Spanish food is regional, social and built around sharing. From the tapas crawl to the long Sunday paella, eating is the country's favourite pastime — and with a late timetable, free tapas in the south and the cheap menu del dia, it's a pleasure that's easy on the wallet.

Tapas and the menu del dia

The tapas crawl — moving bar to bar over small plates and drinks — is central to Spanish life, though it works differently by region. In Granada and much of Andalusia a tapa still comes free with every drink; elsewhere you order and pay for raciones (larger plates) to share. At lunch, look for the menu del dia, a multi-course set meal with bread and a drink at a fixed, low price — the best-value way to eat well in Spain. Remember the timetable: lunch runs from about 2pm, dinner rarely before 9pm.

Paella and rice

Paella is from Valencia, and the authentic version is not the seafood cliche: traditional Valencian paella uses chicken, rabbit, green and butter beans and sometimes snails, cooked with bomba rice and saffron over a wide flat pan, prized for the crisp toasted layer (socarrat) on the bottom.
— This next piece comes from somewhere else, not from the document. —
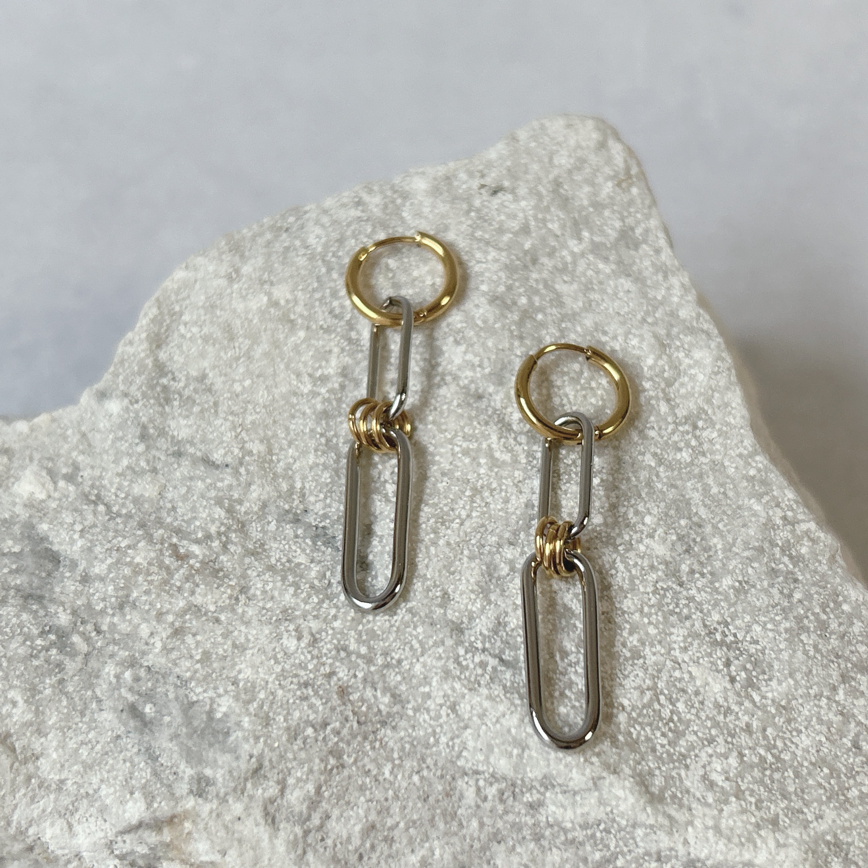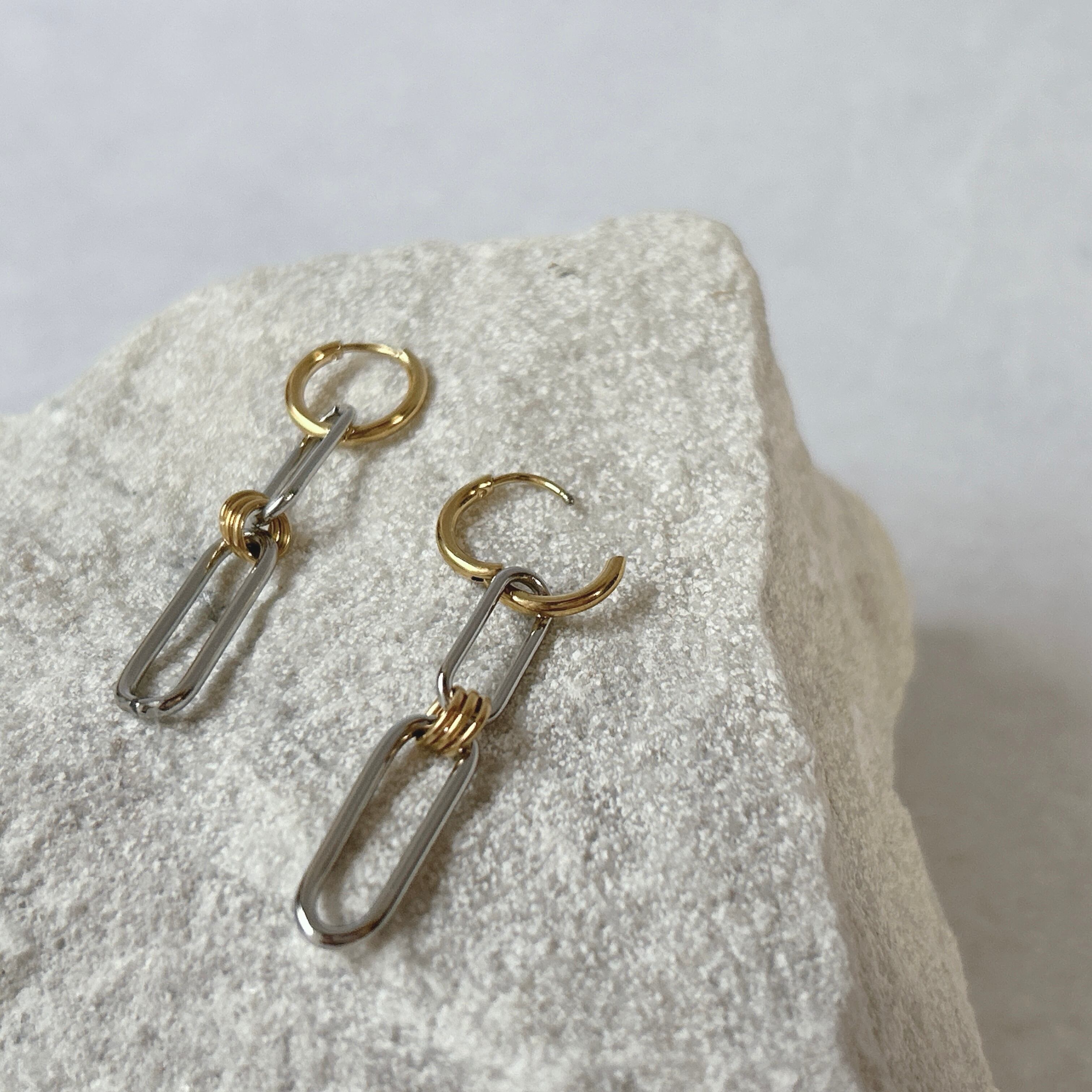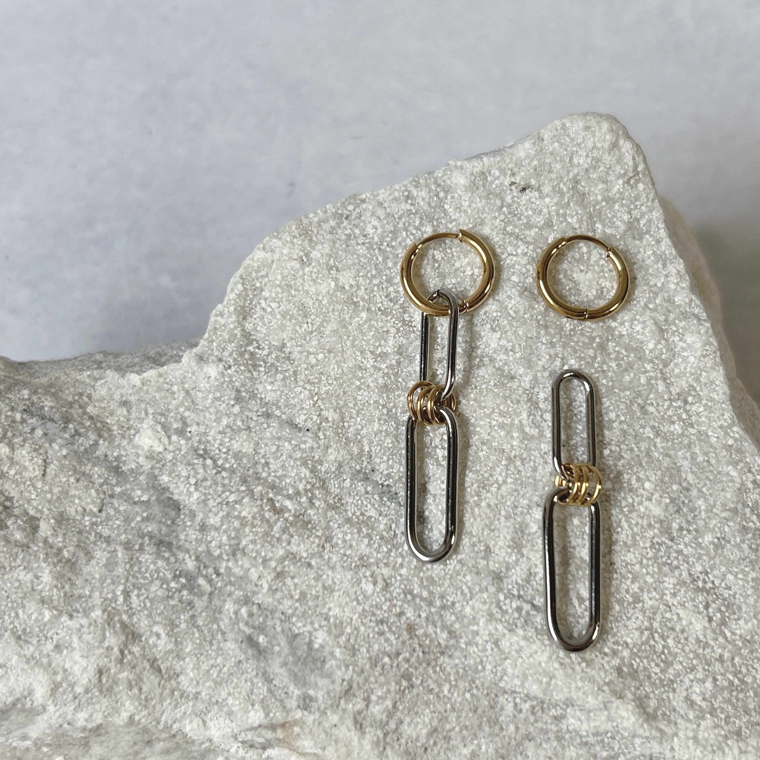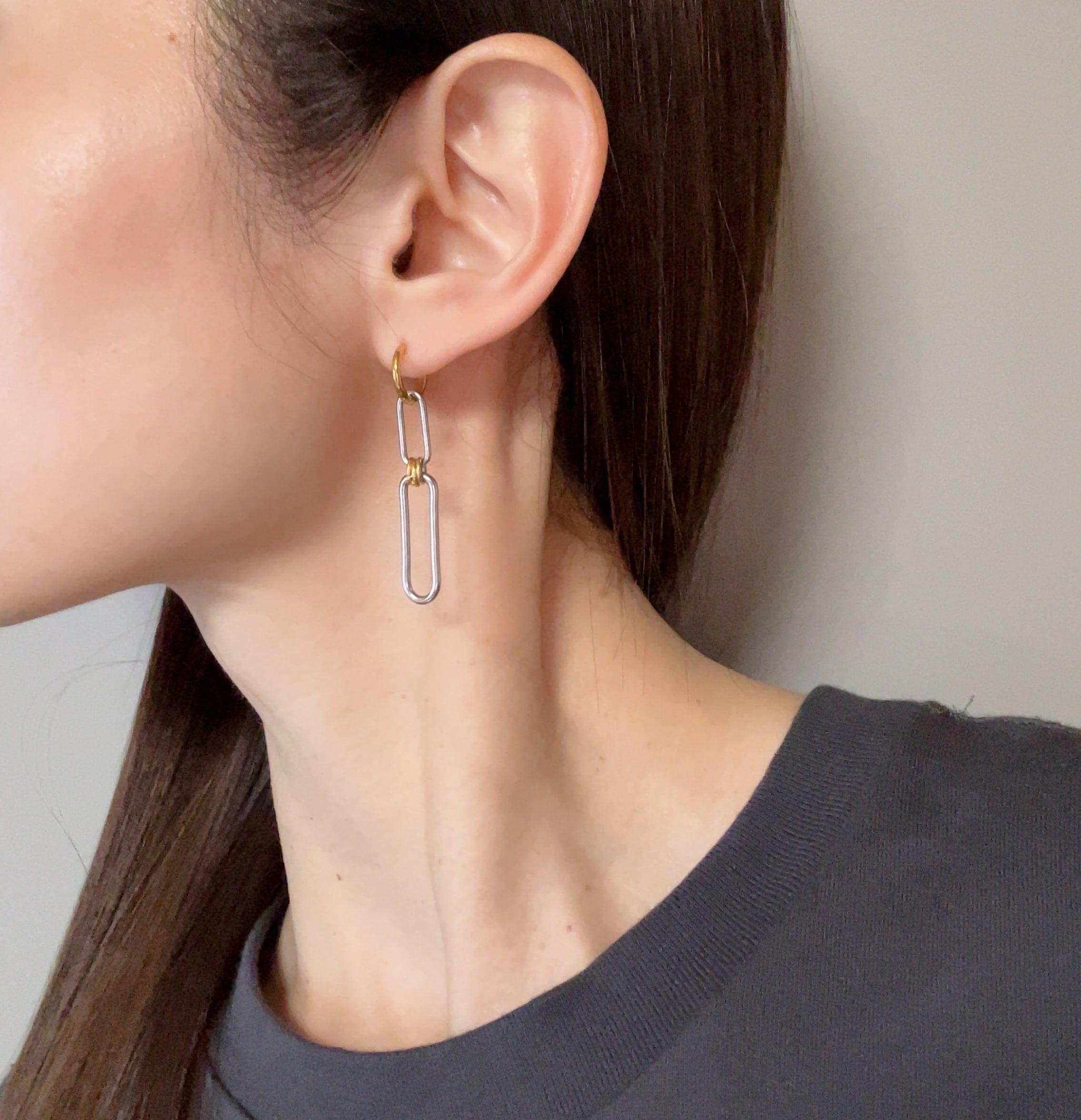 ゴールドとシルバーが程よくミックスされたチェーンピアス。

Seafood and mixed versions are coastal variants, and arroz a banda and fideua (a noodle paella) are close cousins. Eat it at lunch, ideally by the sea.

Regional specialities

Spain is really a patchwork of cuisines. The south gives you cold soups — gazpacho and the thicker salmorejo — and fried fish (pescaito frito). The Basque Country and Navarre serve pintxos, elaborate bar snacks skewered on bread, with San Sebastian a world food capital. Galicia is all about seafood and octopus (pulpo a la gallega); Asturias its bean-and-pork fabada and cider; Catalonia its pa amb tomaquet and, in winter, charred calcots. Cured jamon iberico, tortilla espanola (potato omelette) and croquetas turn up everywhere.

Wine, cava and sherry

Spain is one of the world's great wine countries. The reds of Rioja and Ribera del Duero lead the way, with Priorat, Galician Albarino whites and Catalan cava (the traditional-method sparkling) close behind. In Andalusia, the fortified sherries of Jerez — from bone-dry fino and manzanilla to nutty oloroso — are a revelation alongside tapas, and a jug of summer sangria or tinto de verano is the easygoing crowd-pleaser.

Sweet things and coffee

For something sweet, churros dipped in thick hot chocolate are the classic breakfast or late-night treat, while turron (almond nougat) appears at Christmas and flan and crema catalana round off many a meal. Coffee is taken short and strong — a cafe solo or cortado.

Quick recommendation

Do at least one proper tapas crawl (free in Granada), eat paella by the coast in Valencia, and try the regional star wherever you are — pintxos in the Basque Country, sherry in Andalusia, seafood in Galicia. Seek out the menu del dia for lunch and embrace the late dinner.

FAQ

Where can I get free tapas in Spain?
In Granada above all, where a free tapa comes with every drink, and across much of Andalusia, Leon and parts of central Spain. In Madrid, Barcelona and most tourist areas you usually pay for tapas and raciones, though the quality is high.
Where does paella come from?
Valencia, on Spain's east coast. The original Valencian paella is made with chicken, rabbit, beans and saffron rather than seafood — the seafood and mixed versions are coastal variants. For the real thing, eat it at lunch in or near Valencia.